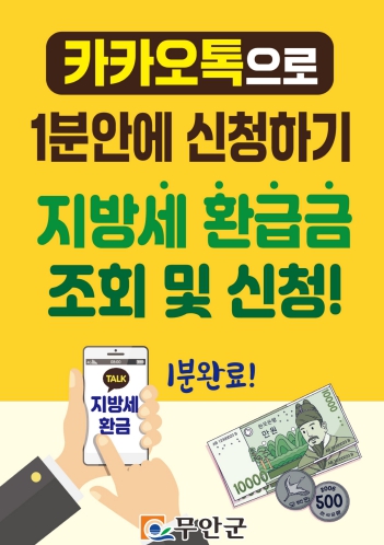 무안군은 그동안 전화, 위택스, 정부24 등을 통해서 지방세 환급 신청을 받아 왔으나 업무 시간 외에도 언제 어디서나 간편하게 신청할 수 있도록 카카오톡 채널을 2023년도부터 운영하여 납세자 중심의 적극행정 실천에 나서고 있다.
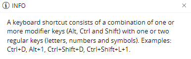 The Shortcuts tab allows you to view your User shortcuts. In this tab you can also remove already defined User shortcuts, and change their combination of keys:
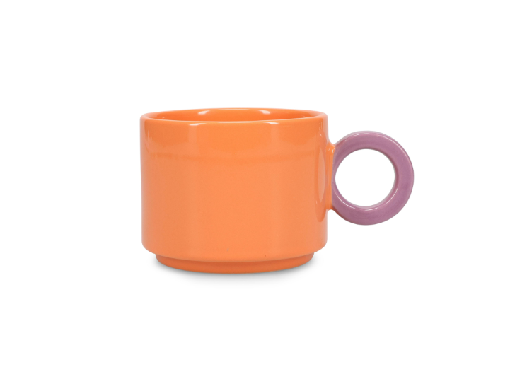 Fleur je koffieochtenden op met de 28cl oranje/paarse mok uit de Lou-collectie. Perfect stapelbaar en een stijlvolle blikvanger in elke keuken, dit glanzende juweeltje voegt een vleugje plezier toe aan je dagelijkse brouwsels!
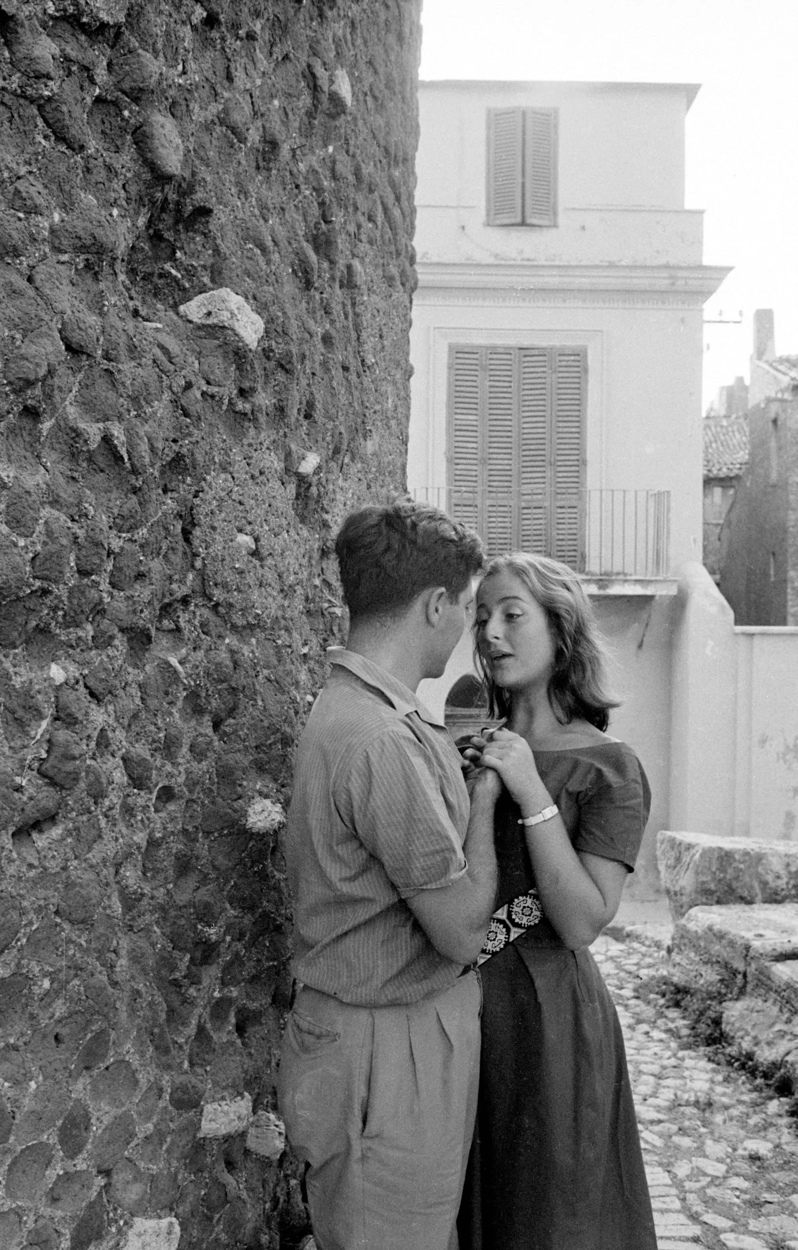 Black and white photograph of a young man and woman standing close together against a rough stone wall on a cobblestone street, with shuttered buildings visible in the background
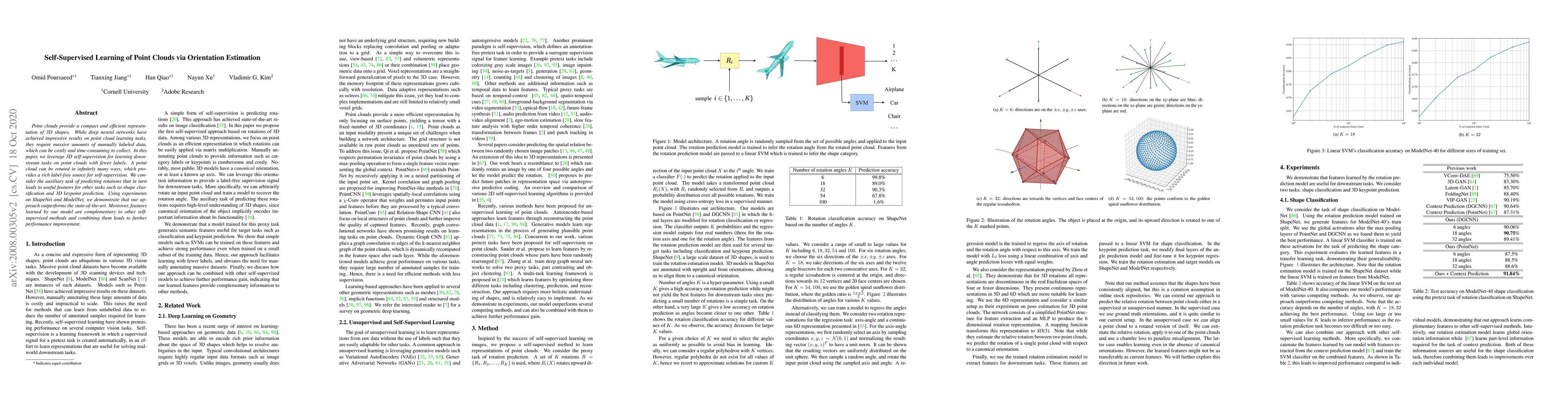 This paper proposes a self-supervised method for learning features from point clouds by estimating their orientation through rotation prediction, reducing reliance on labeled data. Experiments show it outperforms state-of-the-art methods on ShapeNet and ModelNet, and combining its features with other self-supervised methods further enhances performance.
-.-.-
** YOUR TASK **
Your answer must be exactly the lines from the one with "Fleur je koffieochtenden" through the last line of the entries, both included, with no pictures; please add nothing else.

** ANSWER FOR THE TASK **
 Fleur je koffieochtenden op met de 28cl oranje/paarse mok uit de Lou-collectie. Perfect stapelbaar en een stijlvolle blikvanger in elke keuken, dit glanzende juweeltje voegt een vleugje plezier toe aan je dagelijkse brouwsels!
 Black and white photograph of a young man and woman standing close together against a rough stone wall on a cobblestone street, with shuttered buildings visible in the background
 This paper proposes a self-supervised method for learning features from point clouds by estimating their orientation through rotation prediction, reducing reliance on labeled data. Experiments show it outperforms state-of-the-art methods on ShapeNet and ModelNet, and combining its features with other self-supervised methods further enhances performance.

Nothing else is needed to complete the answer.